J’avais déjà un intérêt certain pour le baseball et le fait que ce petit morceau de carton était un objet totalement ancré dans le paysage culturel en Amérique du Nord m’a bien aidé.
J’ai acheté mon premier paquet au Sky Dome (aujourd’hui Rodgers Field, stade des Blue Jays en Major League Baseball, ndlr) de Toronto.
A mon retour en France, j’ai accentué mes recherches malgré mon jeune âge et le peu d’accès à ce phénomène peu commun dans notre pays. Quelques temps plus tard, ma sœur a trouvé dans une braderie un paquet de trading cards. Je l’ai ouvert et j’ai trouvé dedans une carte magnifique de Derek Jeter. Elle était différente et c’était un joueur que j’adorais. C’était en 2002 et je n’ai plus jamais arrêté de le collectionner depuis tout ce temps ! Donc tu peux voir que ma famille a eu un réel impact dans ma passion.

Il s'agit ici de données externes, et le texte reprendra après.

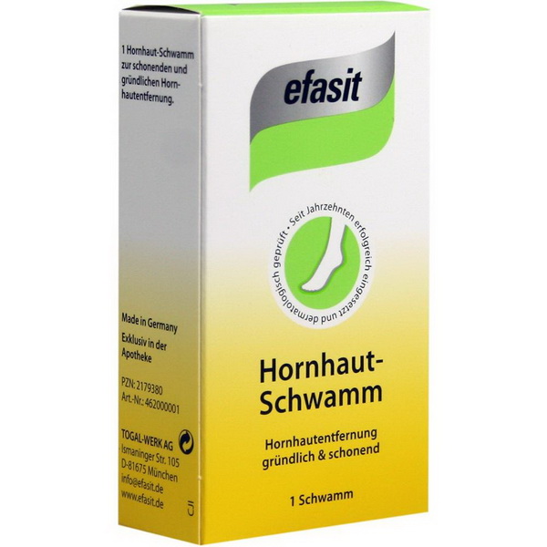 efasit Hornhaut-Schwamm – aus der efasit Pflegeserie für schöne, zarte und wohlriechende Füße – entfernt Hornhaut gründlich und schonend.

Tu as écrit un livre sur ce hobby confidentiel en France mais hyper répandu aux États-Unis où certaines cartes atteignent des millions de dollars. Qu’est-ce qui t’a donné envie d’écrire ce livre ?
Tout d’abord, je ne me considère pas comme écrivain. C’est un mélange « pêle-mêle » d’un récit biographique, de traductions, documentations diverses et quelques interviews. Il est le résultat d’une succession d’idées et d’envies pour un projet qui, à la base, n’était pas voué à paraître.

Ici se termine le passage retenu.